Qingshan Zhang
Qingshan Zhang

Reputation: 255

Remove duplicate string key in a text using command line

I was trying to remove some duplicate string in a line by line text. eg:

A {id: "x" p {id: "vcv" v: "i4"} on:taf"}
A {id: "y" p {id: "wse" v: "i4"} on:ue"}
A {id: "z" p {id: "das" v: "i4"} on:tade"}
A {id: "x" p {id: "da" v: "i4"} on:faer"}
A {id: "y" p {id: "werw" v: "i4"} on:asee"}
A {id: "y" p {id: "werw" v: "i4"} on:asee"}

the output should be the ones with no duplicated A_id, which means the output should be:

A {id: "x" p {id: "vcv" v: "i4"} on:taf"}
A {id: "y" p {id: "wse" v: "i4"} on:ue"}
A {id: "z" p {id: "das" v: "i4"} on:tade"}

The problem I met was I don't know how to sort and make it unique with a substring only. I tried to use:

cat input.txt | grep 'A\s\{id:\s\"[^;]*\sp\s\{id:' | sort -u > output.txt

But it doesn't remove the duplicate substring but only remove lines which are exactly the same with others. So it's like it only removed:

A {id: "y" p {id: "werw" v: "i4"} on:asee"}

which is all the same with the last two lines, but didn't remove:

A {id: "y" p {id: "wse" v: "i4"} on:ue"}

which has the duplicate id but different content.

Upvotes: 0

Views: 225

Answers (3)

Bernhard Barker
Bernhard Barker

Reputation: 55609

The problem is that sort uses the entire string as key by default, so it would only eliminate identical lines.

Try changing

sort -u

to

sort -uk3,3

to eliminate duplicates where the key is the 3rd field. Fields are separated by white-space.

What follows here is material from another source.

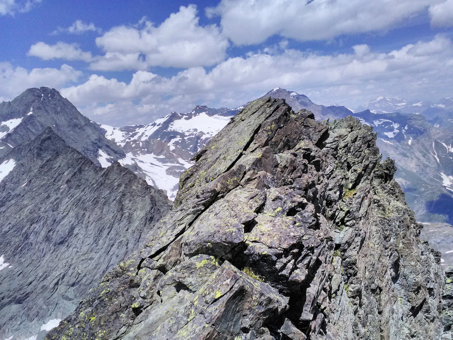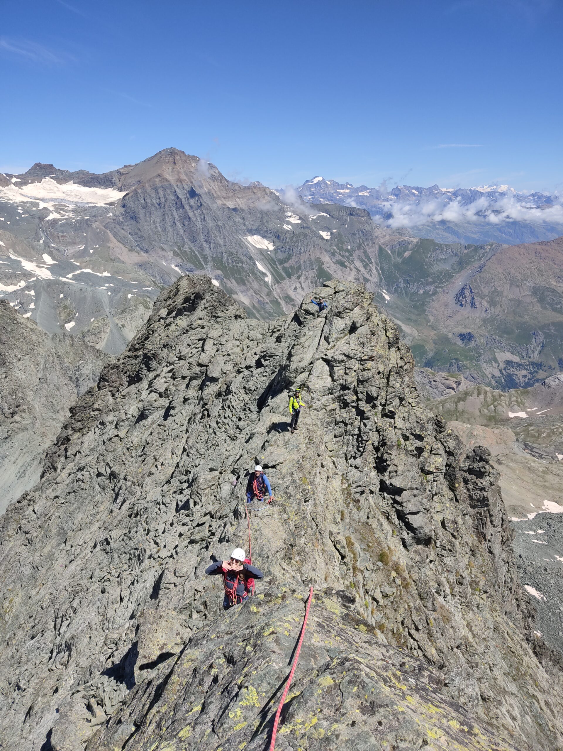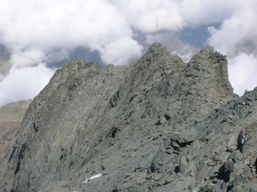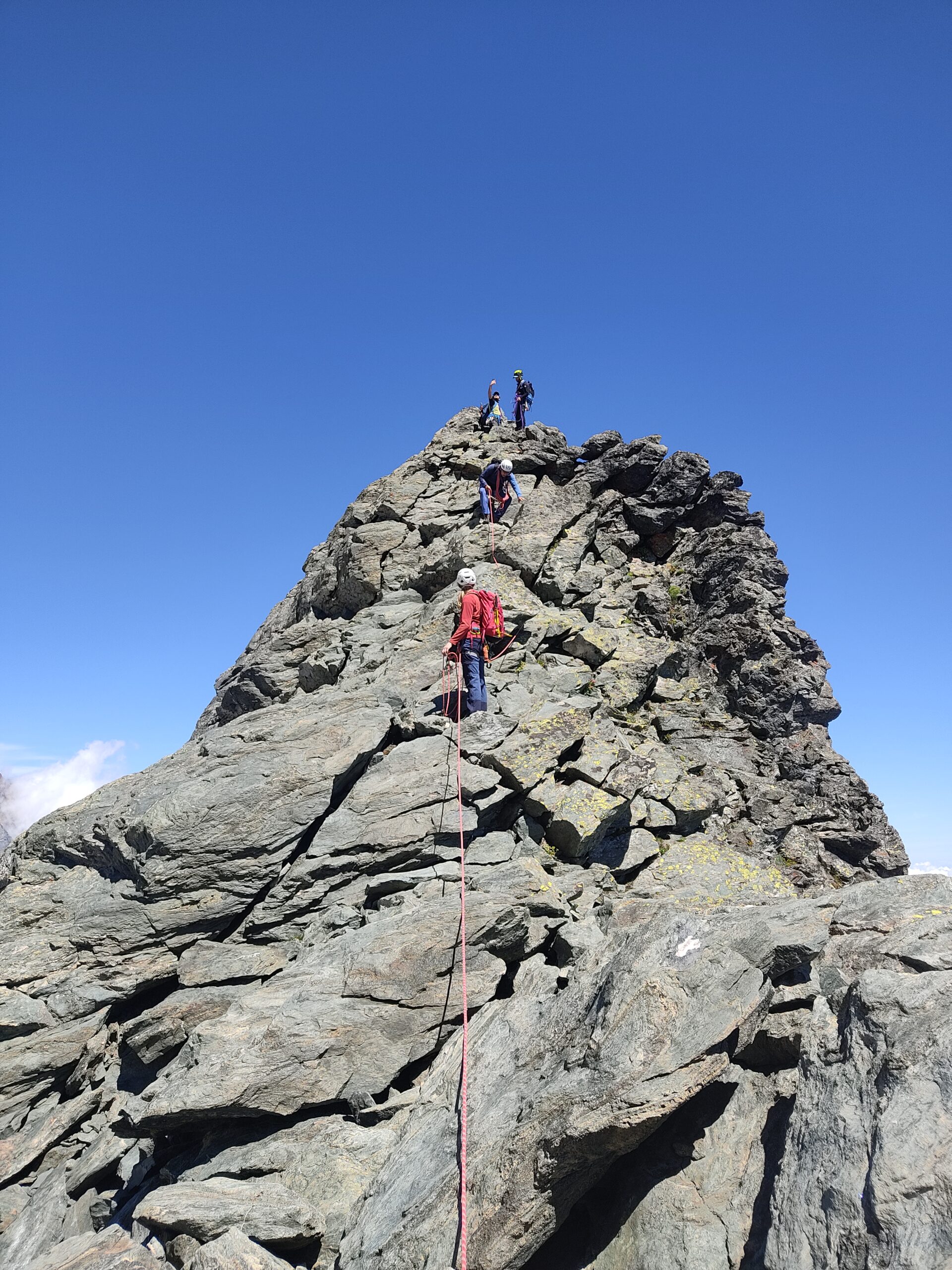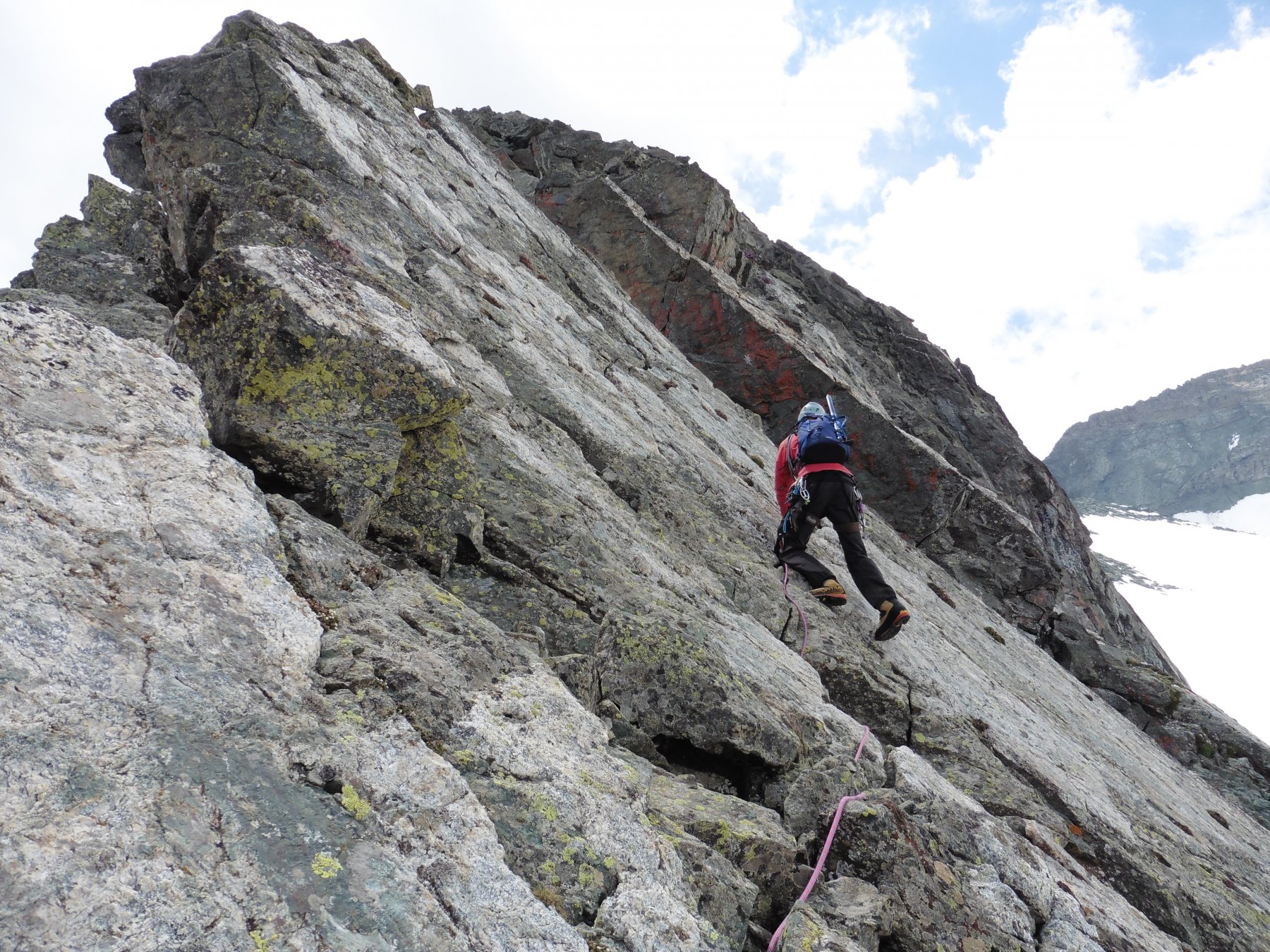 Da questa portarsi brevemente sul versante italiano e salire per un camino che riporta in cresta fattasi molto più affilata, la si segue interamente per il filo fino alla vetta con croce (è anche possibile aggirare le difficoltà).

-k, --key=POS1[,POS2] start a key at POS1, end it at POS2 (origin 1)

POS is F[.C][OPTS], where F is the field number and C the character position in the field. OPTS is one or more single-letter ordering options, which override global ordering options for that key. If no key is given, use the entire line as the key.

Reference.

Upvotes: 1

Chris Seymour
Chris Seymour

Reputation: 85805

An awk solution:

$ awk '!a[$3]++' file
A {id: "x" p {id: "vcv" v: "i4"} on:taf"}
A {id: "y" p {id: "wse" v: "i4"} on:ue"}
A {id: "z" p {id: "das" v: "i4"} on:tade"}

Combing the matching from your grep command:

$ awk '$1=="A" && $2=="{id:" && $4=="p" && $5=="{id:" && !a[$3]++' file
A {id: "x" p {id: "vcv" v: "i4"} on:taf"}
A {id: "y" p {id: "wse" v: "i4"} on:ue"}
A {id: "z" p {id: "das" v: "i4"} on:tade"}

Upvotes: 2

user1919238
user1919238

Reputation:

A Perl solution:

perl -ne 'if (/\{id: "([^"]+)"/ and not exists $h{$1}) { $h{$1}++; print }'

It stores the ids that matched in a hash, and only prints if the id was not already in the hash.